While it cannot be confirmed if Prigozhin was on his own plane, this appears to be the only plausible means of his arrival in Belarus, and it is almost always his preferred method of international travel.
What can be concluded, however, with reasonable certainty is that Prigozhin remained in Russia for at least two days after staging the Wagner coup.
Telegram channel BRIEF quotes local sources as saying he had “been in St. Petersburg since Sunday evening, having returned there from Rostov”, as flight tracking previously suggested.
The charge of mounting an armed mutiny is punishable by up to 20 years in prison according to Russian law, but Prigozhin appears to have escaped prosecution.

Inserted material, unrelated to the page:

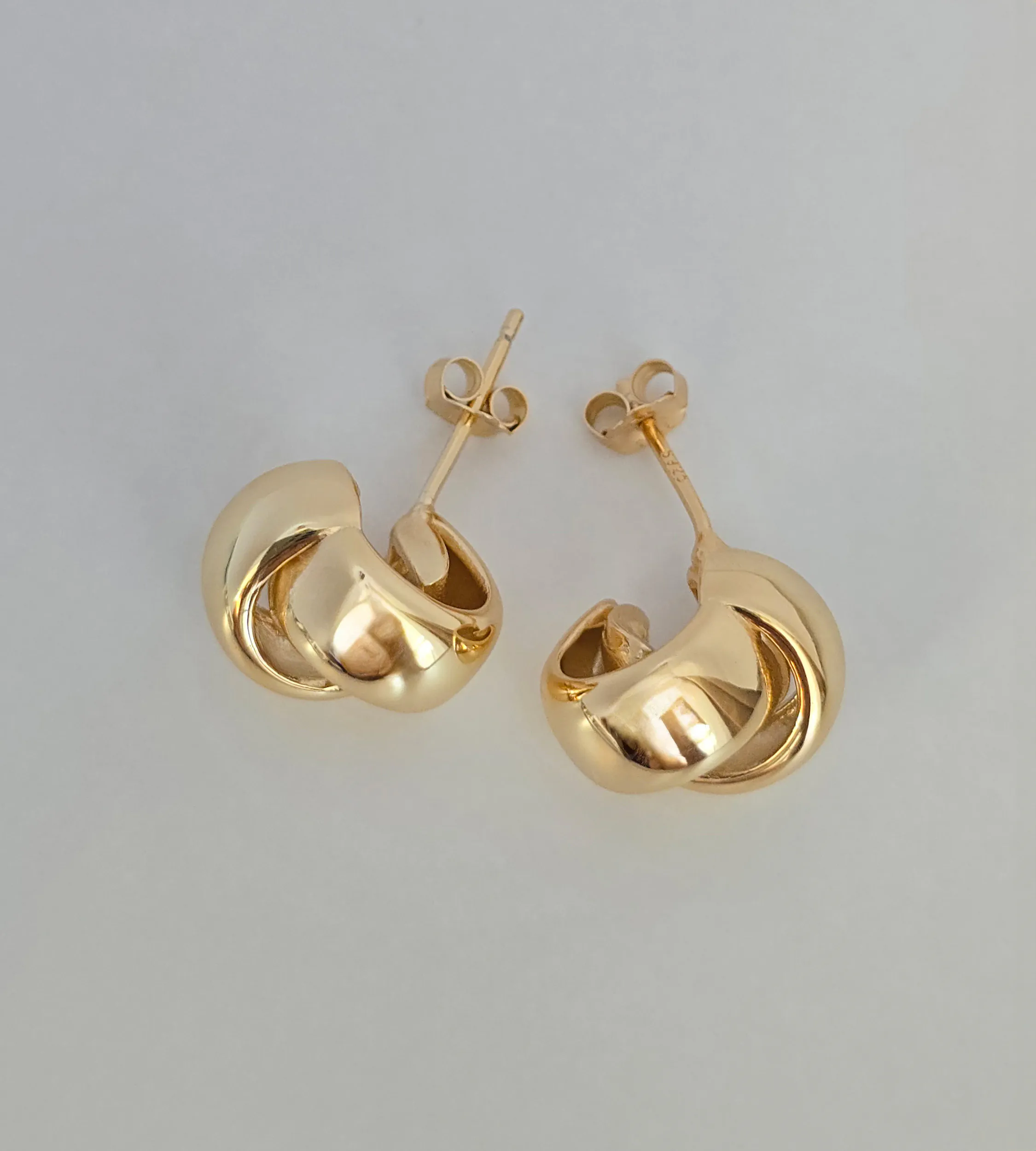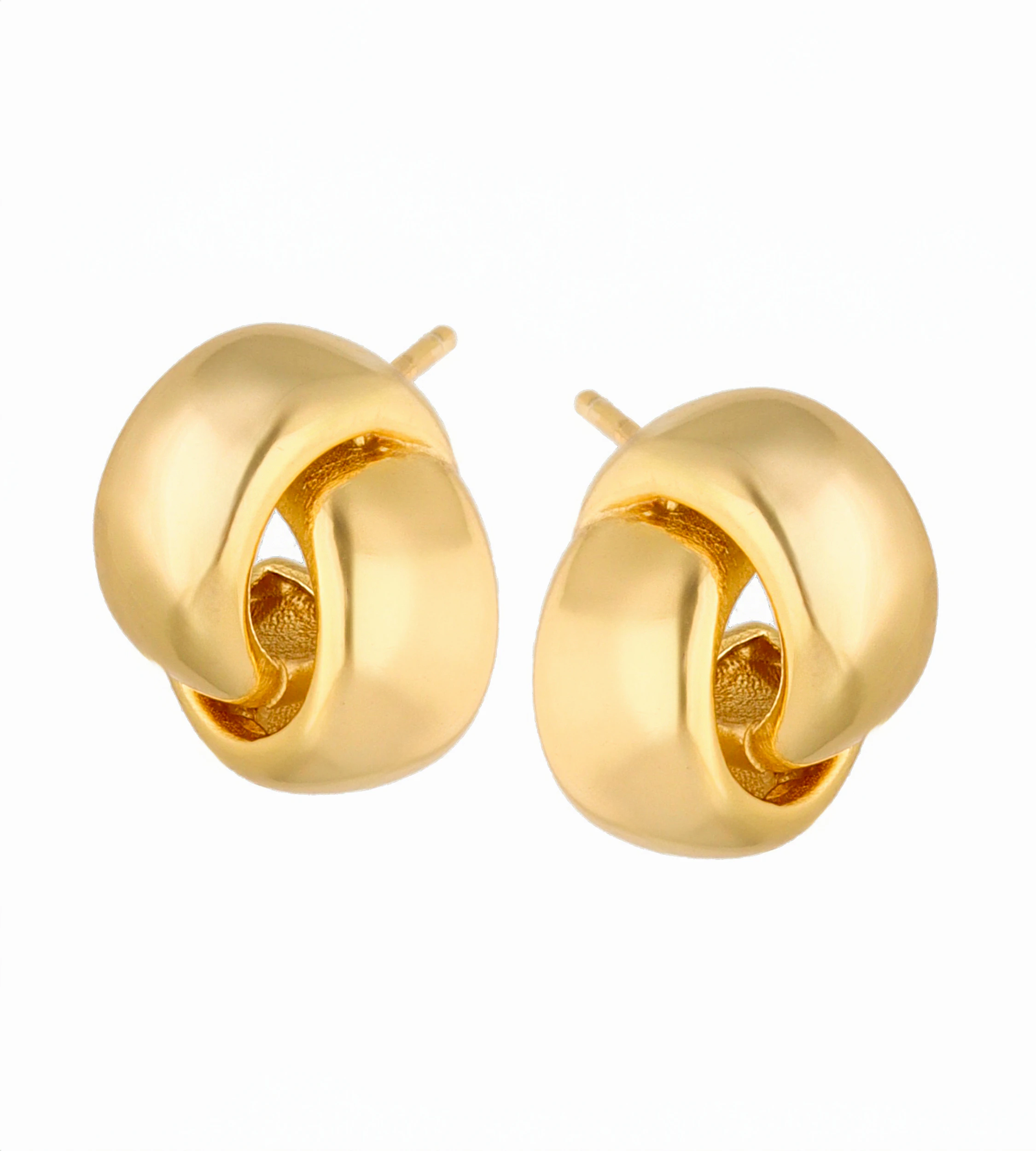 Pozłacane kolczyki-sztyfty w formie zmysłowego supełka. Minimalistyczny design, elegancja i wygoda w jednym. Idealne na co dzień i na wieczór.

Sviatlana Tsikhanouskaya, the Belarusian opposition leader who was forced to flee the country after Lukashenko is believed to have undermined the election process and reclaimed power, admitted that her and her team “could not confirm Prigozhin’s” arrival in Belarus but said the warlord’s presence would “create a new source of instability”, both domestically and to Ukraine.
“It is important to understand that the people of Belarus don’t want this war criminal in our country”, she said. “Lukashenka has no legitimacy; he can’t negotiate to bring criminals to our country or broker any deals.
“He does not represent our people. If Prigozhin comes to Belarus, it will create a new source of instability and new threats to our sovereignty and to our neighbours.
“It is also possible that Wagner might establish military bases and attack Ukraine from Belarus. At the moment, we can’t exclude anything.
“Bringing Prigozhin, nuclear weapons and more Russian forces to Belarus only adds to the danger for everyone. Lukashenka is playing a dangerous game and the West must react to it.”